Scripture: Mark 5:When (the demon-possessed man) saw Jesus from a distance, he ran and bowed down before him.. “What have you to do with me, Jesus, Son of the Most High God? I adjure you by God, do not torment me.” For he had said to him, “Come out of the man, you unclean spirit!” Then Jesus asked him, “What is your name?” He replied, “My name is Legion; for we are many.” 10  He begged Jesus earnestly not to send them out of the country…“Send us into the swine; let us enter them.” 13 So he gave them permission. And the unclean spirits came out and entered the swine; and the herd, numbering about two thousand, rushed down the steep bank into the sea, and were drowned in the sea. 14 The swineherds ran off and told it in the city and in the country… 17 Then they began to beg Jesus to leave their neighborhood.

Observation: Today we celebrate this story of Jesus’ triumph over the forces of evil tormenting a man – as well we should. However, most of the people present at the time didn’t celebrate. There was a cost associated with this miracle. The loss of 2,000 swine, which would have had a monumental value in the ancient world.

When there is the potential for a great work of God, there is often a great cost that comes with it. 

Application: This principal is true for you and me as well. At the church I lead, we often say “every kairos comes with a cross”. A “kairos” is a “time” in life when we might embrace the Kingdom of God more deeply. It’s a fork in the road that leads us closer to God and his preferred future for us. However, standing in the middle of the road is always a cross – something we must embrace or endure that is difficult.

Too often we step back from the opportunity of kairos because we fear the cross.

Jesus said it this way, “The one who seeks to save his life will lose it.” We are all hard-wired to seek self-preservation first, so resisting the cross is completely normal. However, we’ll never realize the new life Jesus has come to give us without over-riding this impulse and embracing the cross. Some questions:

  • What is the “kairos” staring at you in this season of life?
  • What opportunity does this kairos present to you?
  • What is the cross that comes with this opportunity?
  • What would it look like for you to overcome your fear and embrace the cross?

Prayer: Gracious God, the cross is hard. Always has been. Always will be. Give us grace to embrace the crosses of life and live into the Kingdom possibilities you place before us. We pray this in Jesus’ name. Amen.


2 thoughts on “The opportunity and challenge of the cross…

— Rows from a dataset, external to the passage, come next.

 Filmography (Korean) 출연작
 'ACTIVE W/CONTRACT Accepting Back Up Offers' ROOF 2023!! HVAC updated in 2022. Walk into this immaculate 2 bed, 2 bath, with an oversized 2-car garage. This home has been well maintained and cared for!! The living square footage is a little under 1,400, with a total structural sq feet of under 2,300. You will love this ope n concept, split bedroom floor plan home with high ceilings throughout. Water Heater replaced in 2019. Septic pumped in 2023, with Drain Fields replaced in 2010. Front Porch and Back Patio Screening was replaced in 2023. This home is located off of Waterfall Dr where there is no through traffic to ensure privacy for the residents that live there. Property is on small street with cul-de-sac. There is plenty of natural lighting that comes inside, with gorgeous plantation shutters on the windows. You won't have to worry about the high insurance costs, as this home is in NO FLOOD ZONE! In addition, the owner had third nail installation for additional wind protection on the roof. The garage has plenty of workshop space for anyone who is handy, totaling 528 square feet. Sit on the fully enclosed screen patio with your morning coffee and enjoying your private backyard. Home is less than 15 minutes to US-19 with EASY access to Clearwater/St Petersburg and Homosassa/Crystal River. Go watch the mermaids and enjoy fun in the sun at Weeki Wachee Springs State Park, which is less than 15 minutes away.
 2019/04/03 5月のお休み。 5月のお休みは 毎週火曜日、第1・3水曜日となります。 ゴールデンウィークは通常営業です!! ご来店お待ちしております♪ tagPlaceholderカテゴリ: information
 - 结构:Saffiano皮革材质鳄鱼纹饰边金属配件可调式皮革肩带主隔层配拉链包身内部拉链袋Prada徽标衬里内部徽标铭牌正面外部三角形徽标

  1. After reading the 1st reading from this Sunday’s (4/24) lectionary taken from ACTS 14:21-27, I thought more about this blog about the implications of the cross. It evoked a question I’ve thought about for some time.
    The reading begins with verses 21 & 22: “After Paul and Barnabas had proclaimed the good news to that city and made a considerable number of disciples, they returned to Lystra and to Iconium and to Antioch. They strengthened the spirits of the disciples and exhorted them to persevere in the faith, saying, ‘It is necessary for us to undergo many hardships
    to enter the kingdom of God.’”
    It is the last sentence that stopped me, specifically the words “NECESSARY” and “MANY. It isn’t “may require” or “might involve”. It is “necessary”. It also isn’t “an occasional” or “a few”. It is “many”.
    The high likelihood that being a devoted follower of Christ involves doesn’t surprise me, but to say it is essentially required to have lots of hardships is not only daunting, but to a certain extent seems to contradict the core belief of being saved by grace alone and not by works.
    Re-phrasing the last sentence of verse 22 says if we don’t suffer many hardships because of our faith we won’t enter the kingdom of God. I am not deterred by the statement, and in fact have suffered hardships already, but for it to be a requirement vs. a likely outcome, feels in conflict with the gift of free grace.

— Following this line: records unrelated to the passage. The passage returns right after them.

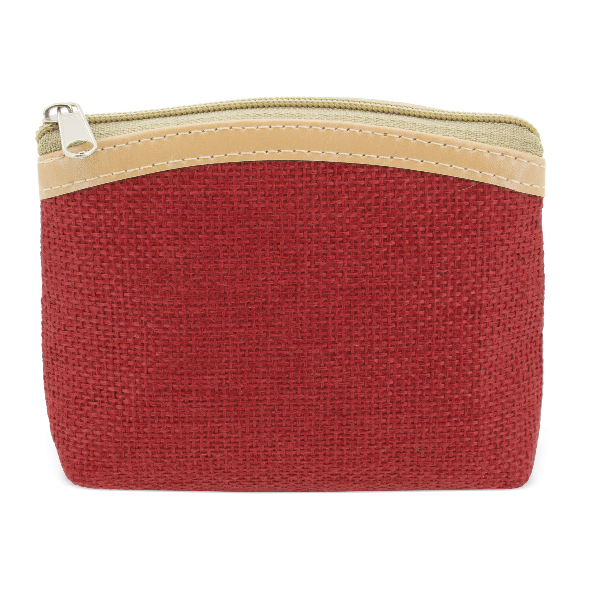 Monedero realizado en un tejido similar al yute, y un aplique de polipiel en la parte superior.
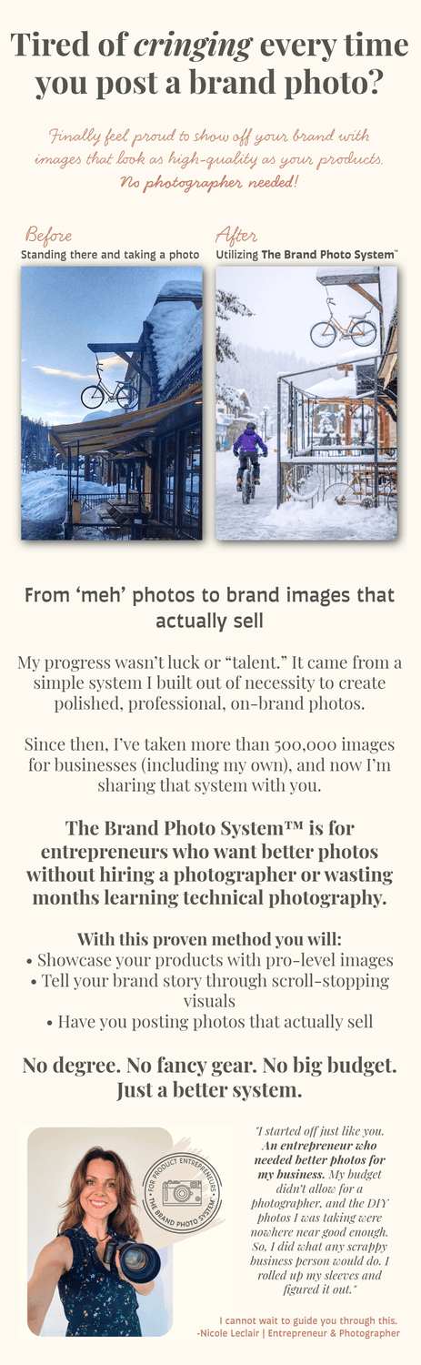 Ready to level up your product photos? Be the first to know when The Brand Photo System™ is ready. Provide your email, and I will reach out to you promptly when the course is ready.
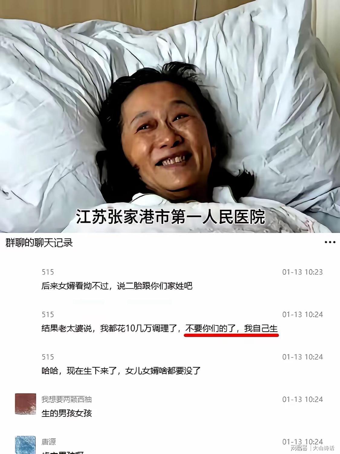 其实这个妈就是气不过,反正有钱就试管生儿子。现在女婿计划落空,估计下一步打争产官司。万万没想到,退休年龄生育零成本的政策居然有人用上了,这个年龄生实在太好了,有社保,有医保,有退休金,有时间带。
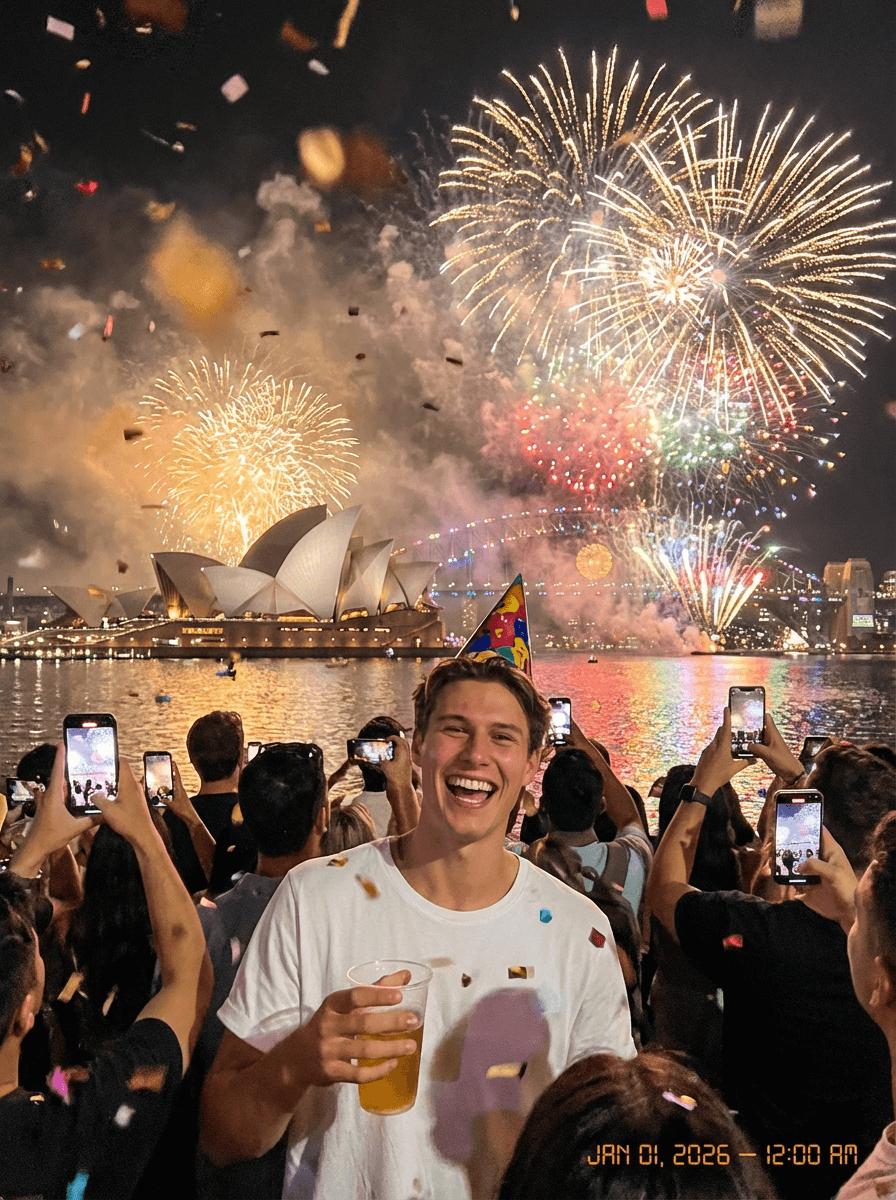 Include a small digital timestamp in the corner reading: “JAN 01, 2026 — 12:00 AM” to mimic a candid party-camera photo. The overall vibe should feel energetic, celebratory, and real — a perfect New Year’s countdown moment in Sydney.

    • Great questions Tim. Three things:

      1. While there are universal principals contained in the scriptures, there are also parts that speak to specific situations and contexts at a given time. In Lystra, Iconium, and Antioch the believers in question were literally being persecuted, some killed. Staying true to the faith in that situation might require allegiance unto death.

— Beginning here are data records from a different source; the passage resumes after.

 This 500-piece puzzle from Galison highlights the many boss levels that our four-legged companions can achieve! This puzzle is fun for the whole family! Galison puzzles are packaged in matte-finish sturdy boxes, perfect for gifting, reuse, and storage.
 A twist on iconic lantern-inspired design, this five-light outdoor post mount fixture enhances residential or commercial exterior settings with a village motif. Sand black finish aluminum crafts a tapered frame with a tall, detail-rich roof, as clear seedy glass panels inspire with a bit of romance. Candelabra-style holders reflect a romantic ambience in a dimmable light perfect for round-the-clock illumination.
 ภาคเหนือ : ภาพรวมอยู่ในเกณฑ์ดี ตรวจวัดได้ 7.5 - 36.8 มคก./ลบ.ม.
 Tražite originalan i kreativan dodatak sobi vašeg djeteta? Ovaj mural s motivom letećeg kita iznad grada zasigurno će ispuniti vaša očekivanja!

      2. To a lesser extent, however, ALL believers have to endure difficulties for the sake of Christ in our journey as disciples. That’s just a fact. As Jesus said, “take up your cross and follow me”.

      3. It can be confusing for us Protestants because we tend to equate “salvation” and “enter the Kingdom of God”. Not the same thing. We are given an identity as children of God by grace alone, through faith in Christ Jesus. That puts us at step one. We are part of God’s family. However, to mature in faith is to embrace the Kingdom of God more deeply. It is to surrender my life to the ways of Kingdom of God – in my time (Sabbath rest, daily abiding with the Lord via scripture/prayer, so on) in my money (surrendering 10% of my income off the top, reflecting God’s generosity toward others) in my relationships (committing myself to those I love, forgiving those who sin against me), and so on. I can be a newborn child of God in my baptism and do none of the Kingdom things I mentioned. As such, I am “saved” but I know little of the life Jesus came to give us right now – not just at my death.

      Let’s talk more soon. Need to catch up! Love you brother.